ABP reported Feb. 11 a bit of good news in the ongoing struggle to maintain healthy boundaries between church and state: a special panel has recommended to President Obama that churches wanting to receive federal funding for social ministries should set up a separate non-profit corporation to handle those funds.

That makes perfect sense, both from a stewardship perspective and from a first amendment perspective. On the stewardship end, it’s both smart and accountable to keep money from different sources completely separate — and not just in different line items of the same budget.

From the first amendment angle, it’s axiomatic that tax-payer funding has no place in church coffers. Mixing money doesn’t necessarily imply wrongdoing, but it’s a bad approach in principle. It opens a big can of ugly worms that range from influence peddling to political payoffs and (no doubt) lots of things I haven’t thought of.

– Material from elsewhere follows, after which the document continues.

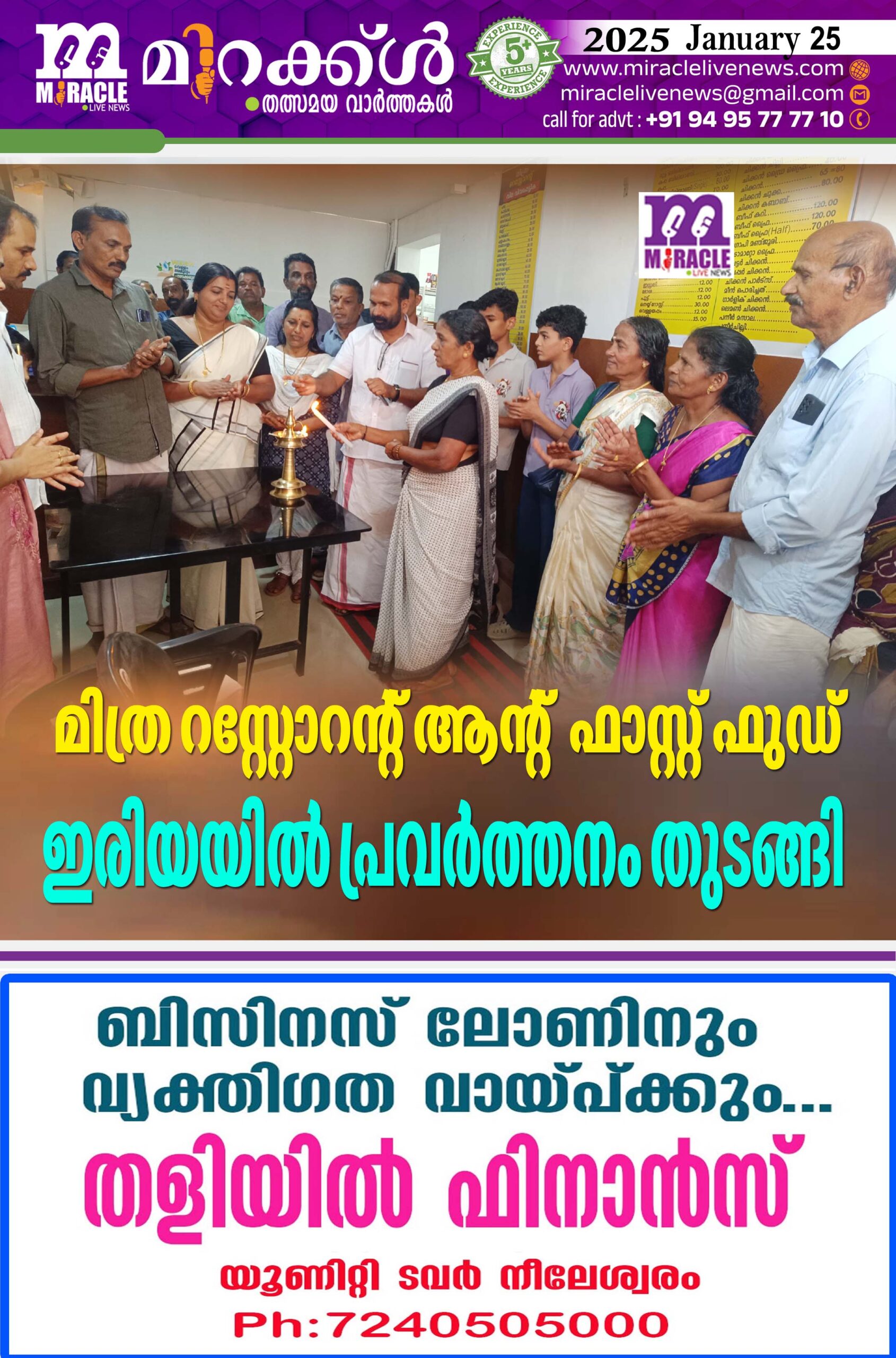 മിത്ര റസ്റ്റോറന്റ് ആന്റ് ഫാസ്റ്റ് ഫുഡ് ഇരിയയില് പ്രവര്ത്തനം തുടങ്ങി

Critics who complain that creating a separate 501(c)3 corporation creates an unnecessary stumbling block and makes it harder for churches to get money are reaching for excuses. Getting recognition as a 501(c)3 is neither difficult nor expensive. And, having separate organizational governance simply makes it easier to keep things on the up and up: it’s the responsible thing to do.

Given what seems to be a clearly superior rationale for the creation of separate non-profit organizations, it’s surprising that the panel was divided on the issue, voting by a narrow 13-12 margin to endorse the recommendation. The full article is worth reading.

On the whole, I think non-profit ministries are most successful when they’re fully led and fully funded by the same people who have the vision for a ministry, whether they’re leading it or supporting it. Getting government assistance for social ministries is not the ideal. To be acceptable at all, public funding should be handled transparently — and by someone other than church officials.